**EXERCISE**
Given the material below, return only the lines starting at the line with "Gitterrinne in G-Form" and ending at the line with "- Perfect fit: compatible", exactly as they appear.

**DATA FOR ANALYSIS**
- Opening Delimiter -

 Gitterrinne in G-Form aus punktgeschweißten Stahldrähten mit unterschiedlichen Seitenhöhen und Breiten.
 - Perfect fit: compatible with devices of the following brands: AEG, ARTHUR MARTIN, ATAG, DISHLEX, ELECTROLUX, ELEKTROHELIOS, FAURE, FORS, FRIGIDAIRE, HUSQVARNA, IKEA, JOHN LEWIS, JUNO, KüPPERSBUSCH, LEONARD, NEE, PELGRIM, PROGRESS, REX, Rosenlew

- Closing Delimiter -
- Opening Delimiter -

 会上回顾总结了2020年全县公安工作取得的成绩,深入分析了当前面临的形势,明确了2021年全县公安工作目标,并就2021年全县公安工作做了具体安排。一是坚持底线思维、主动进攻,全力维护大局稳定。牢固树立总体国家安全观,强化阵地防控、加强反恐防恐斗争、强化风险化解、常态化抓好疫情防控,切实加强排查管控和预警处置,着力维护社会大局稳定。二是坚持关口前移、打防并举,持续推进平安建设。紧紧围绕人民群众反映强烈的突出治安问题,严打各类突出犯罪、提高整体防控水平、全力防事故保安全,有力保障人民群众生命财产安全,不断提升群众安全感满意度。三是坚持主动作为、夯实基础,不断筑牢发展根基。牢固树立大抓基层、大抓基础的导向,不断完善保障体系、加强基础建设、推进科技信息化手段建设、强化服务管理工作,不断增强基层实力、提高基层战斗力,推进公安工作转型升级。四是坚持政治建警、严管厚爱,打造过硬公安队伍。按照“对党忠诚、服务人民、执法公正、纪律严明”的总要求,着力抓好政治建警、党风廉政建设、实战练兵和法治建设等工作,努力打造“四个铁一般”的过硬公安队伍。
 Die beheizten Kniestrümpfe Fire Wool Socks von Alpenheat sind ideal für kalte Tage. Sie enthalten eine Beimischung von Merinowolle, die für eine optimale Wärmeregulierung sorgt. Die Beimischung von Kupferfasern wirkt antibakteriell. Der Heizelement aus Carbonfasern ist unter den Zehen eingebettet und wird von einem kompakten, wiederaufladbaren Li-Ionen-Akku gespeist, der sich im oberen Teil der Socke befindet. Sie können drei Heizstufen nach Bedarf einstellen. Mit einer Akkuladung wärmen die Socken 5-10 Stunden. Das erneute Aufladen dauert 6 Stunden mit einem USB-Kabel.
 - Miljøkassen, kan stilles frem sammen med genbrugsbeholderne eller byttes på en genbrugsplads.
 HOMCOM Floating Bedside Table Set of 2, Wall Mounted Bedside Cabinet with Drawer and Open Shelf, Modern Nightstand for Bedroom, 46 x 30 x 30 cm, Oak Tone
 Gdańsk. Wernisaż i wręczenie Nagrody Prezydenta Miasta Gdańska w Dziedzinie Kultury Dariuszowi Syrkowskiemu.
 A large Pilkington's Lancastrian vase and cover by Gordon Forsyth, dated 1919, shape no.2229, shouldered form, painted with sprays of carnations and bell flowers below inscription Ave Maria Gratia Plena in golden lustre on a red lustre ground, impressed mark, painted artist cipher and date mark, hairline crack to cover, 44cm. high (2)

- Closing Delimiter -

**ANSWER SPACE**
 Gitterrinne in G-Form aus punktgeschweißten Stahldrähten mit unterschiedlichen Seitenhöhen und Breiten.
 - Perfect fit: compatible with devices of the following brands: AEG, ARTHUR MARTIN, ATAG, DISHLEX, ELECTROLUX, ELEKTROHELIOS, FAURE, FORS, FRIGIDAIRE, HUSQVARNA, IKEA, JOHN LEWIS, JUNO, KüPPERSBUSCH, LEONARD, NEE, PELGRIM, PROGRESS, REX, Rosenlew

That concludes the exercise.